Task details
With the line containing "Brass tape dispenser" as the final line, restate exactly every line of the data below from the first one onward, and copy no pictures.

Raw data
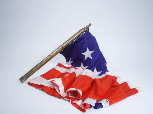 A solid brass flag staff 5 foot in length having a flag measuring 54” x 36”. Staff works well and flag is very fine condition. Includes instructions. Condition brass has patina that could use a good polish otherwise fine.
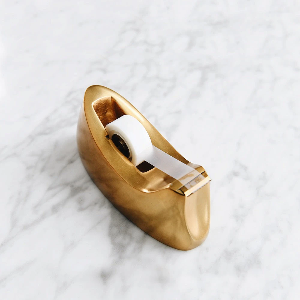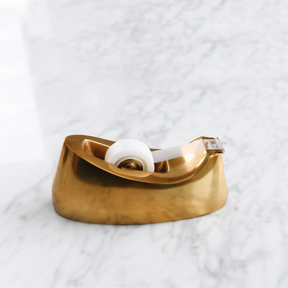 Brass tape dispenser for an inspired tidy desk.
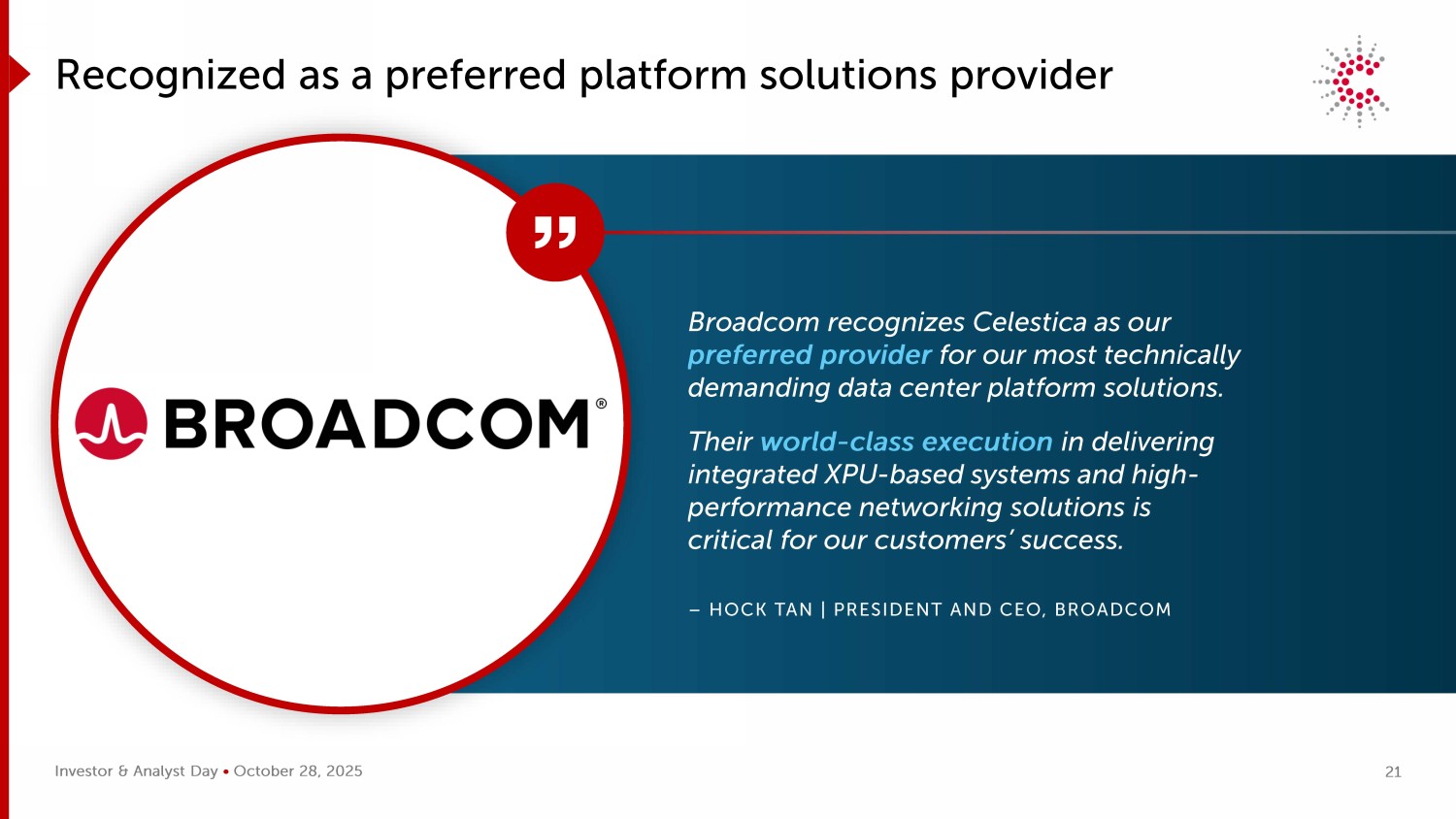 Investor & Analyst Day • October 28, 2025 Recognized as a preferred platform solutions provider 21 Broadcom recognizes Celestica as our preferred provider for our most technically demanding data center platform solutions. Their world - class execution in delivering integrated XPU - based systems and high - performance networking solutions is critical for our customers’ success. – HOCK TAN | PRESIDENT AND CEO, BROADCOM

Response area
 A solid brass flag staff 5 foot in length having a flag measuring 54” x 36”. Staff works well and flag is very fine condition. Includes instructions. Condition brass has patina that could use a good polish otherwise fine.
 Brass tape dispenser for an inspired tidy desk.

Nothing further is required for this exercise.